Jimi Hendrix

Martin Scorsese Presents the Blues: Jimi Hendrix

by Brian James

8 January 2004


Recently, Rolling Stone ran a feature on the one-hundred greatest guitarists of all time, and though it was worth flipping through to see who made the list and what positions they occupied, it held precisely zero suspense for the top spot. Of course, it was Jimi Hendrix and could have been no other, a fact even this lame, pander-to-the-younguns publication had to acknowledge. Nearly anyone who ever picks up a guitar even to fiddle around has had or is having dreams of being Hendrix, a man who blurred the boundaries between his instrument and his soul more visibly than any other rock musician. To watch him was to watch his Stratocaster disappear entirely into his body, becoming an appendage as natural as his arms. His vocabulary was limitless, his technique unmatched to this day. His was the axe that launched a thousand ships, each one nearly capsizing under the weight of Hendrix’s endless progeny.

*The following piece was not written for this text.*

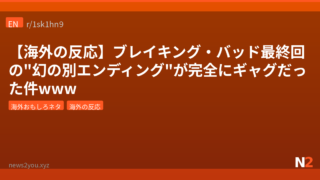 海外おもしろネタ 【海外の反応】ブレイキング・バッド最終回の”幻の別エンディング”が完全にギャグだった件www 『ブレイキング・バッド』最終回のDVD特典に収録された幻の別エンディングが話題に。ブライアン・クランストンが『マルコム in the Middle』のハルとして目を覚まし、全部悪夢だったというオチに海外ファン大盛り上がり。 2026.04.14 海外おもしろネタ海外の反応

As Jesus could tell you, having such an ample following means that countless competing and even mutually exclusive interpretations of your teachings vie to be seen as the true continuation of the legacy. With Hendrix, most listeners came away mimicking his flashiest moments—the lightning solos, the warped guitar effects, the deafening explosions of feedback. This, of course, is what made him such a hero to the white audience, but underneath it all was a greasy, down-home core that he had fortified in his rough years on the chitlin circuit, playing with such luminaries as the Isley Brothers and Little Richard. He may have expanded on that core to brilliant extents in his solo work, but he never forsook it. In a long-standing debate with his friendly rival, Eric Clapton, Hendrix insisted that the heart of the blues was rhythm, not the phrasing of the lead guitar. That he was right explains how he could venture a great distance from the old I-IV-V and still sound more blues than Clapton doing a sledgehammer take on “Spoonful” with Cream. He wasn’t interested in being a purist (i.e., pretentious thief), so the blues camp has never made quite as strong an effort to claim him as one of their own as might be expected for a man of his stature.

cover art

Jimi Hendrix

Martin Scorsese Presents the Blues: Jimi Hendrix

US: 9 Sep 2003
UK: 15 Sep 2003

It comes as some surprise, then, that Martin Scorsese has attempted to do just that by including him in his Martin Scorsese Presents the Blues series. The project’s major flaw is its rockcentric view, one that, despite its obvious reverence for the blues, imagines it as something of a prelude rather than a self-contained art form. This is probably what lets Hendrix sneak in, but it winds up being good for everyone that he did. His compilation thankfully expands Hendrix’s blues beyond just “Red House”, an overrated and frankly boring song that still finds its way into countless bar-band set lists. A few other tracks from his three studio albums are included as well, but for the most part, the album is comprised of cuts either previously unreleased or contained only on his box set. Hendrix aficionados who already have the box will surely decry this as one more in a long line of rip-offs from the Experience Hendrix folks, but it’s nevertheless a nice grab for would-be completists on a budget.

Yet it’s much more than simply a collection of leftovers for miserly die hards. As revisionist history, it’s a minor triumph, revealing a side of Hendrix unknown to all but a few. (An earlier compilation, the simply titled Blues, prevents this from being a bigger revelation.) For other rockers, a blues album could wind up demonstrating little more than their conservative side, but this turns out to be one of Hendrix’s more adventurous posthumous affairs. A couple of duds clutter the proceedings, and epic jam “Voodoo Chile” distracts from the overall spirit, but once the album achieves momentum, it’s striking.

The best tracks skip over the wanky soloing and mold the genre in Hendrix’s image. Not many people know how to do this without sounding ignorant or disrespectful, but with grounding as firm as Hendrix had, he can make a song as far out as “It’s Too Bad” or “Blue Window” sound authentic even when the listener has little idea what it’s being authentic to. As with Scorsese’s largely stellar box set, this album demonstrates a diversity of the blues that may be the best-kept secret in all of pop music. If you’re in one of the countless bands dumb enough to think that all blues are supposed to sound like variations on “Red House”, either shell out the sizeable chunk o’ change it takes to acquire the Scorsese box set to learn from many masters or just pick up Hendrix’s album to learn from one who can do the work of about a dozen.